Workflow:Hpcaitech ColossalAI DPO Alignment
| Knowledge Sources | |
|---|---|
| Domains | LLMs, RLHF, Alignment, Distributed_Training |
| Last Updated | 2026-02-09 03:00 GMT |
Overview
End-to-end process for aligning language models using Direct Preference Optimization (DPO) with human preference data via ColossalAI's distributed training framework.
Description
This workflow implements the Direct Preference Optimization alignment method, which directly optimizes a language model's policy using preference data without requiring a separate reward model. The process trains an actor model against a frozen reference model, using paired chosen/rejected responses to compute the DPO loss. The implementation also supports SimPO (Simple Preference Optimization) via the gamma parameter and length normalization. Training supports multiple parallelism strategies through ColossalAI's plugin system including ZeRO-2, Gemini, and 3D Parallelism.
Usage
Execute this workflow after completing supervised fine-tuning (SFT) when you have a preference dataset containing chosen/rejected response pairs and want to align the model with human preferences. DPO is preferred over PPO-based RLHF when you want a simpler training pipeline that does not require a separate reward model.
Execution Steps
Step 1: Preference Data Preparation
Prepare the preference dataset containing paired chosen and rejected responses for each prompt.
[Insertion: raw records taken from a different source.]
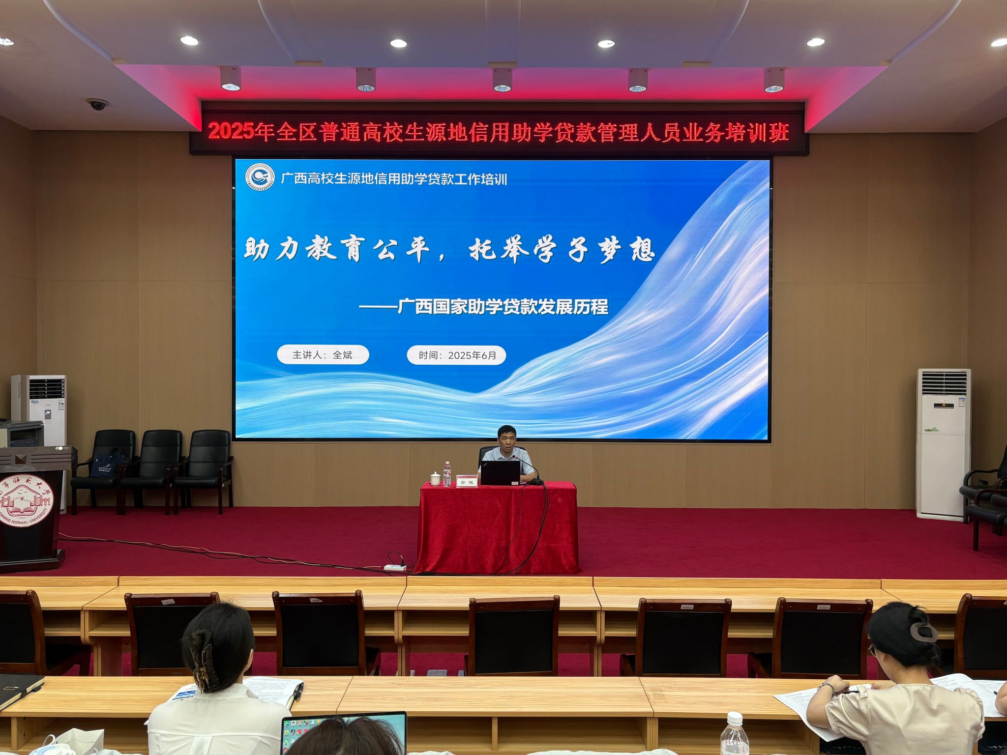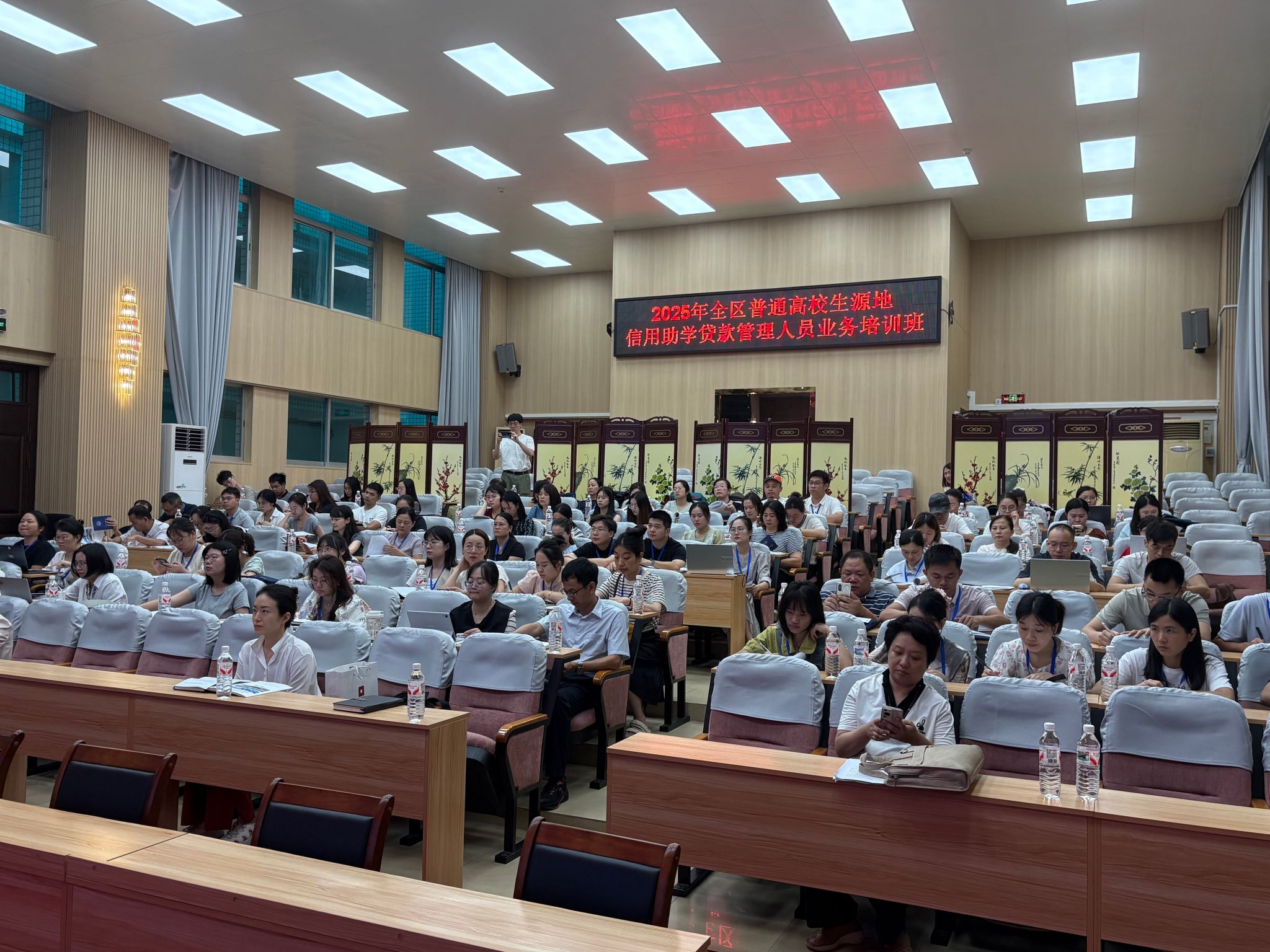 近日,由广西壮族自治区教育厅主办、开元官网承办的2025年全区普通高校生源地信用助学贷款管理人员业务培训班在开元官网明秀校区顺利举办。来自全区各高校共86名学生资助管理中心助学贷款业务负责人参加了本次培训。
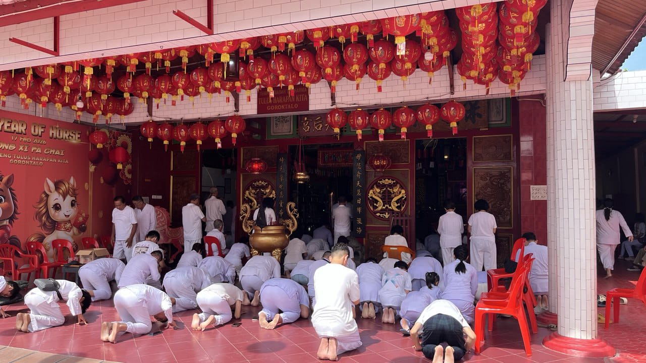 Gorontalo – Umat Tridharma di Kota Gorontalo menggelar persembahyangan Goan Siao sebagai bagian dari rangkaian perayaan Tahun Baru Imlek sekaligus prosesi memohon izin dan restu untuk pelaksanaan Cap Go Meh, Jumat (20/2/2026).
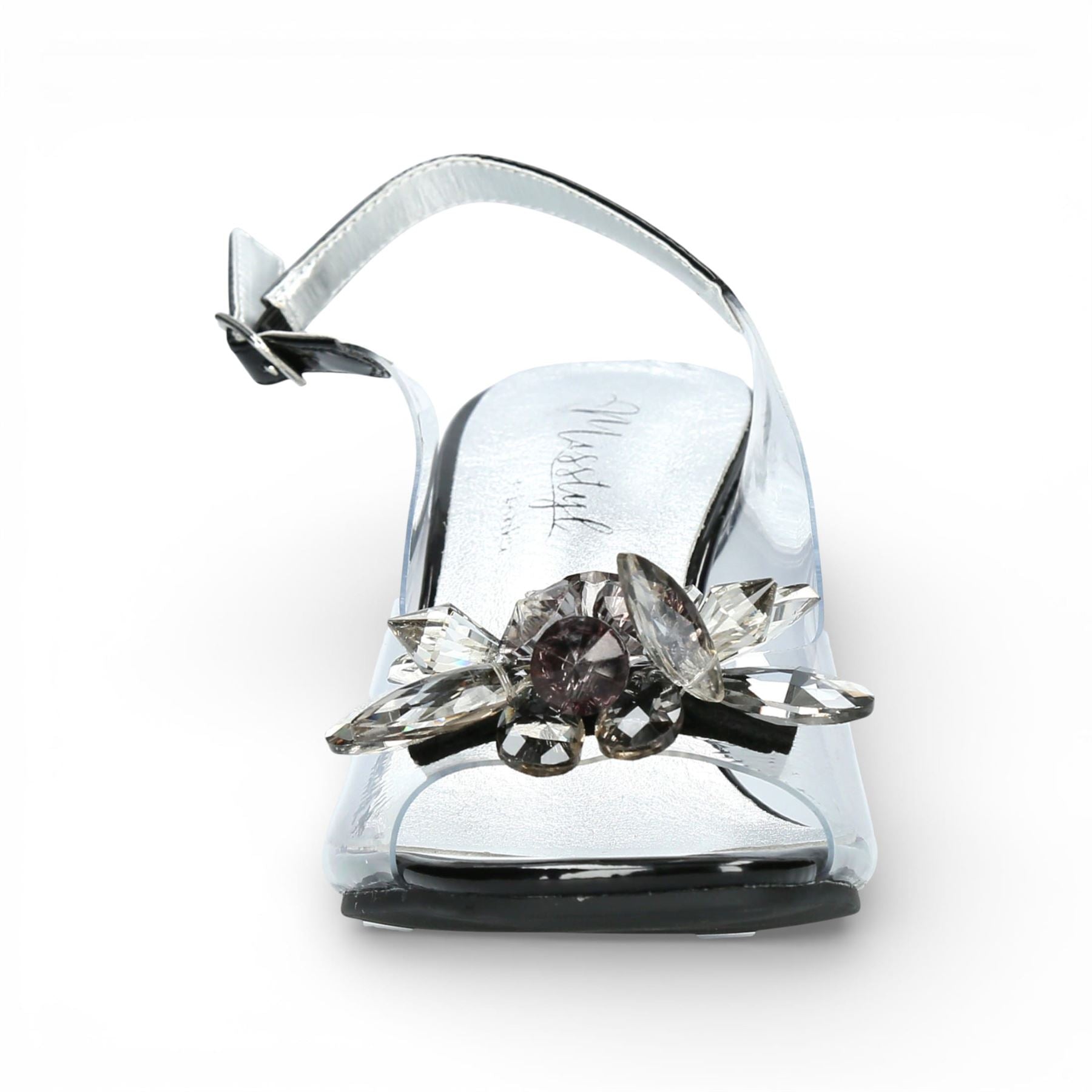 Laura Vita Women’s Mira 01 Clear Black Slip-On Cinderella Heel Sandals

The data preparation scripts convert raw preference data into tokenized Arrow format with separate fields for chosen and rejected input_ids, attention_masks, and loss_masks.
Key considerations:
- Each example must have both chosen and rejected completions
- Apply the correct conversation template for the model family
- Loss masks control which tokens contribute to the preference loss
Step 2: Environment and Model Initialization
Initialize the distributed training environment and load both the actor model (to be trained) and the reference model (frozen copy). Both models are loaded from the same SFT checkpoint. Dropout is disabled on both models to ensure deterministic log probability computation.
What happens:
- Launch distributed training with colossalai.launch_from_torch()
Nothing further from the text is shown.